I went out to ask people in Soweto how the R350 Social Relief of Distress Grant helps them. At Diepkloof I met people standing in a long line. On a sunny day, some were hungry, some were complaining about the post office not opening on time. Some of the people went there early in the morning at 3am because they wanted to be number one in the queue. 

Some were complaining about why the post office told them to stand outside Diepkloof square. They feel offended; it’s like they are not important in the community because they are getting the R350 grant.

People celebrated when they heard that they will be paid every month. “It is the free money that needs only ID documents”, some are saying. Others are saying the ANC is giving free money for vote hunting. 

But the main question is whether the money is enough or does the money meet their needs?

I went to a lady who was sitting down on the grass outside the mall wall, maMakhambule. She is 49 years old. She was putting her jacket on her head to protect herself from the hot morning sun. I asked her what time she came to the mall. She told me at 6:30am, she can’t come here earlier than that. I asked her how does the R350 grant help her? 

“It’s helping me with nothing. Because it’s not reaching my needs. Ngane yami uyazi ngathi lemali izanamadimoni mawuqeda ukuyithola awuuuuu isihambile (My child, you know this money it’s like it’s coming with demons. Once you get it it’s long gone again. We come back and sit here). 

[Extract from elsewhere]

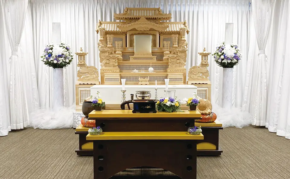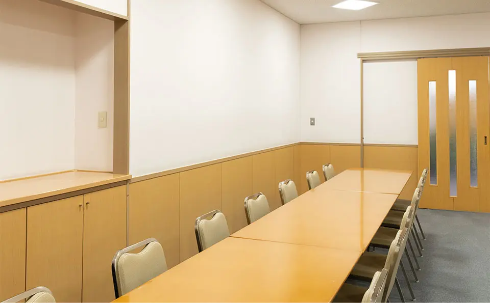 戸田葬祭場の「せせらぎの間」は、本館4階に設けられた、なじみやすい広さと穏やかな空気が流れる式場です。最大70席の椅子席をご用意でき、ごく一般的な規模のお通夜やご葬儀に最適です。式場が2つ用意されており、様々なニーズに対応可能です。式場内は程よい広さの空間で、在りし日の故人様を偲び、しめやかに旅立ちをお見送りいただけます。親族控室にはシャワー室も完備されているため、ご遺族様が心身ともに安らげるよう配慮された、使い勝手の良い式場です。

“A small amount of sugar at the shop is R30. Maize meal 12.5kg is R100 and it depends on what brand you are eating. Now you can see this money it’s nothing. Sometimes I go crazy when I get to the shop. I don’t know if I will buy laundry soap or bath soap. Because I need them both but I don’t have money. Maybe the better grant it’s the one we get when we turn 60 years”, she said, referring to the Old Age Pension grant. 

After maMakhambule, I talked to a young lady who is 20 years of age, Sindiswa. She told me she is studying at the University of Johannesburg. Some of her assignments are online. She’s got no luck with the National Student Financial Aid Scheme (NSFAS). So the R350 grant helps her with buying data for her phone. 

Fourteen babies and toddlers have starved to death in Nelson Mandela Bay in the past 15 months

“At PEP store 1G MTN of data it’s costly. It’s R100. So, my brother, you can do your own calculations. How much data do I need? 1G is nothing. Because I have lots of school work. My parents are not earning much. I normally see other kids taking their R350 to taverns and drinking it. But for me, I’m using it for my future.” 

Also, she says she makes sure she doesn’t forget an ID copy. Because you have to have a copy to get paid. I told her that I thought it was only an ID that is needed. She told me “no, it’s not working like that here in Diepkloof. Everyone here has to have an ID copy. The post office officials told them it’s for stats. To know the number of people getting paid in a day or in that month.” 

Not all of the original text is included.